= What you are asked to do =
Every line of the data below is to be duplicated exactly, pictures excepted.

= Data block =

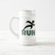 Se você estiver à distância correndo, seja apenas treinando para seu primeiro 5K ou você tiver realizado um 5K, 10K, meia maratona, ou maratona, você vai adorar nossas T-shirts RUN, capuzes, tampas de tanques, botões, canecas, guardas, e muitos outros itens de roupa de corrida com um corredor de silhueta preto e texto verde teal.
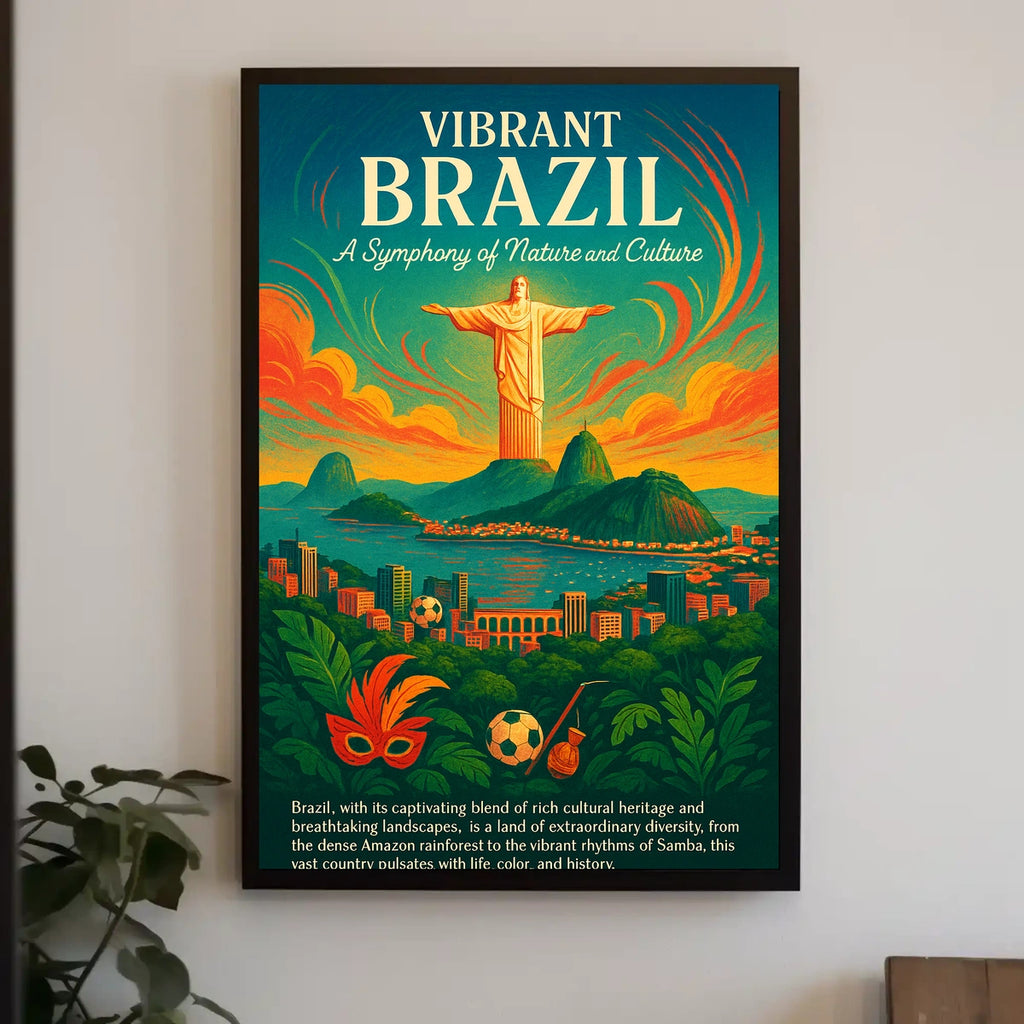 Capture the spirit of Brazil with this Vibrant Brazil A Symphony of Nature and Culture poster. This expressive art print blends lush landscapes with iconic cultural motifs, infusing any room with warmth, energy, and wanderlust. Designed for decor lovers and curious travelers, it sparks conversations and daily inspiration.
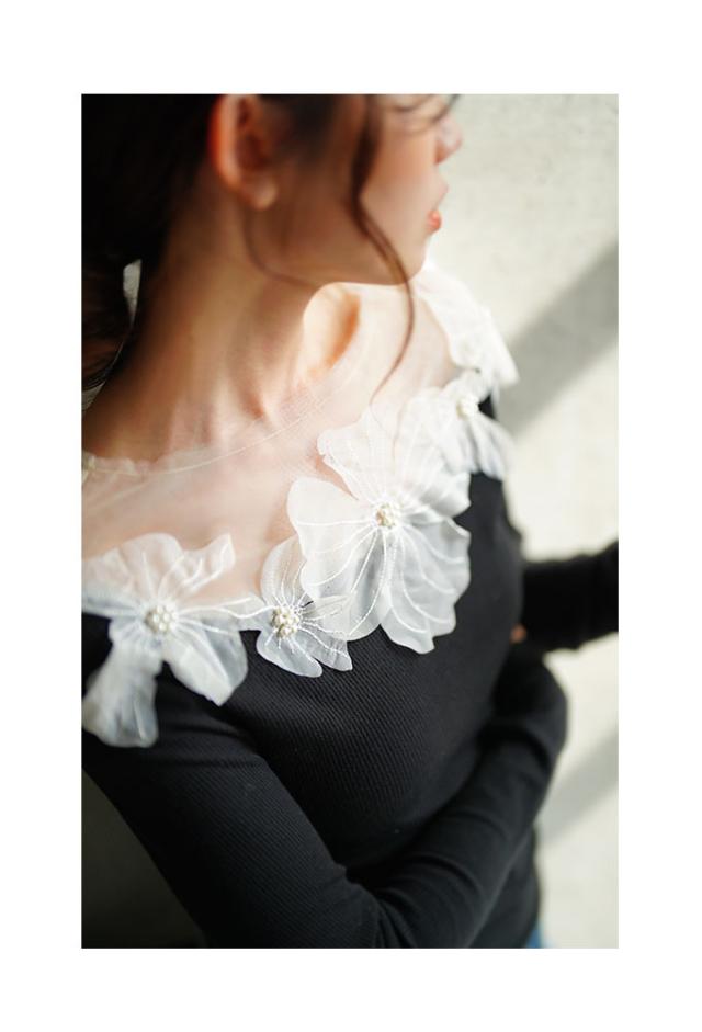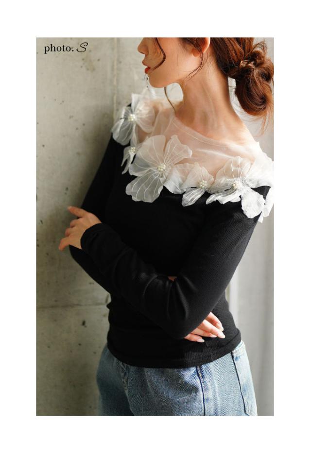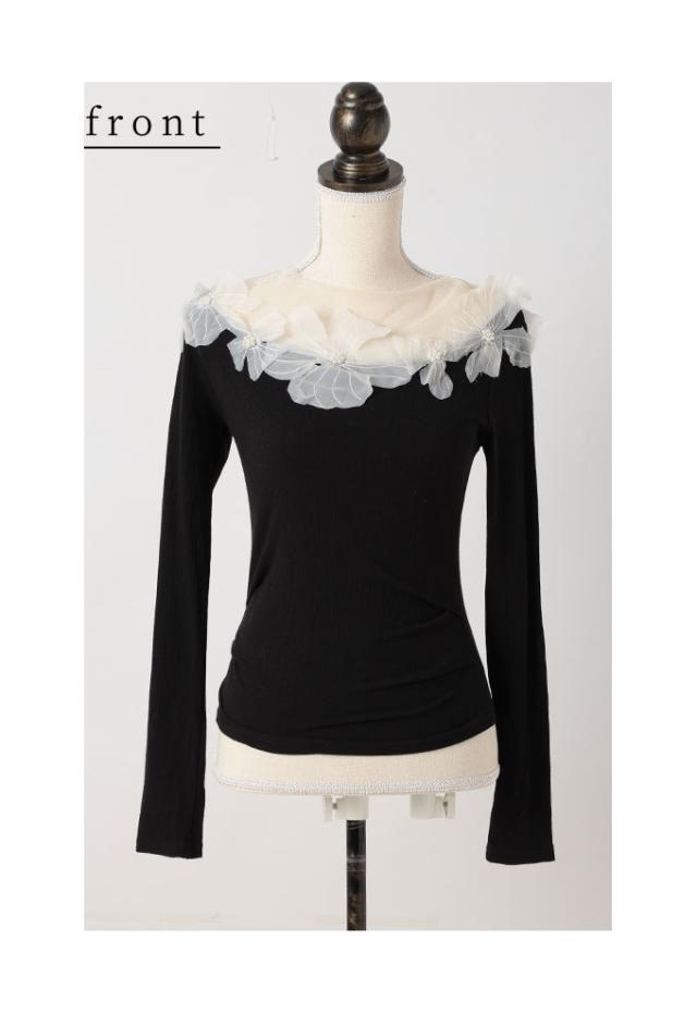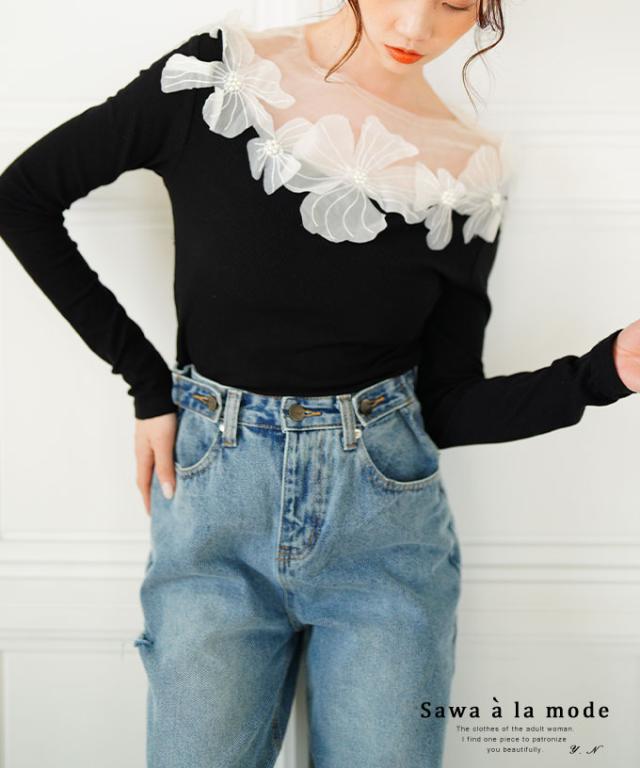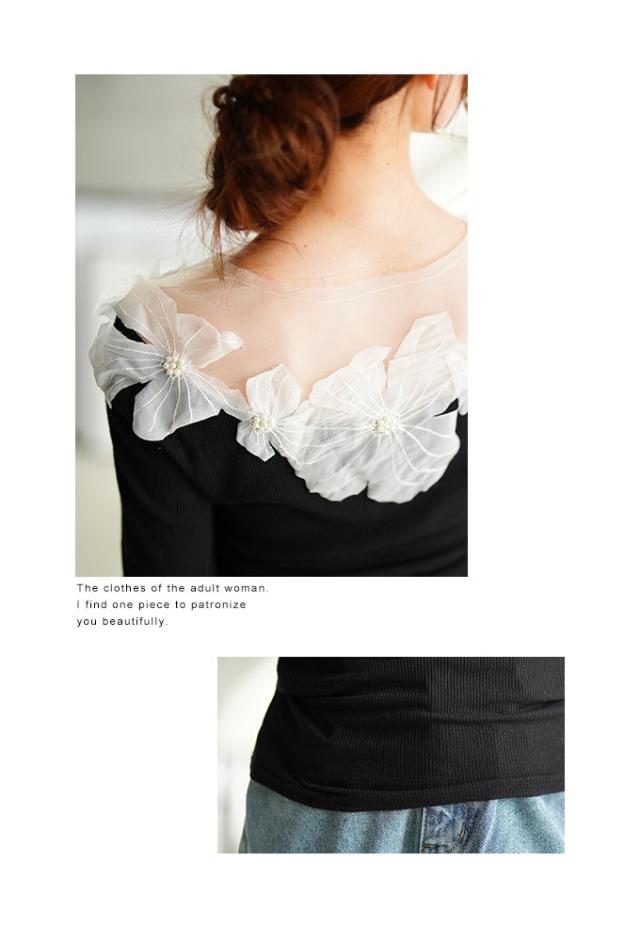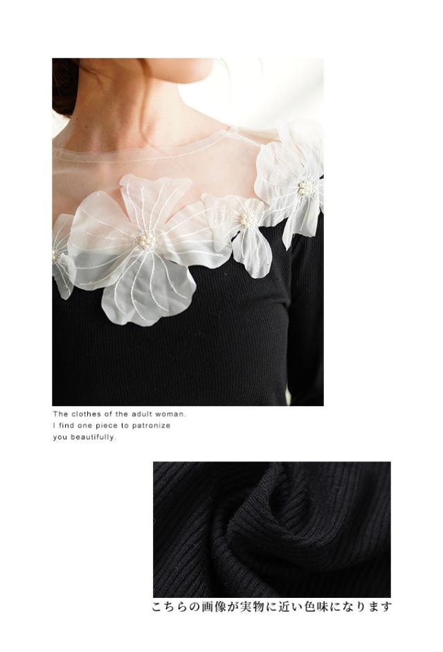 春新作 立体的に浮かび咲くチュールフラワーモチーフリブトップス レディース ファッション トップス カットソー Tシャツ 黒 花 大人可愛い 40代 レディースファッション 50代女性 ファッション 60代 ミセスファッション サワアラモード sawaalamode otona mode-9893

= Completed exercise =
 Se você estiver à distância correndo, seja apenas treinando para seu primeiro 5K ou você tiver realizado um 5K, 10K, meia maratona, ou maratona, você vai adorar nossas T-shirts RUN, capuzes, tampas de tanques, botões, canecas, guardas, e muitos outros itens de roupa de corrida com um corredor de silhueta preto e texto verde teal.
 Capture the spirit of Brazil with this Vibrant Brazil A Symphony of Nature and Culture poster. This expressive art print blends lush landscapes with iconic cultural motifs, infusing any room with warmth, energy, and wanderlust. Designed for decor lovers and curious travelers, it sparks conversations and daily inspiration.
 春新作 立体的に浮かび咲くチュールフラワーモチーフリブトップス レディース ファッション トップス カットソー Tシャツ 黒 花 大人可愛い 40代 レディースファッション 50代女性 ファッション 60代 ミセスファッション サワアラモード sawaalamode otona mode-9893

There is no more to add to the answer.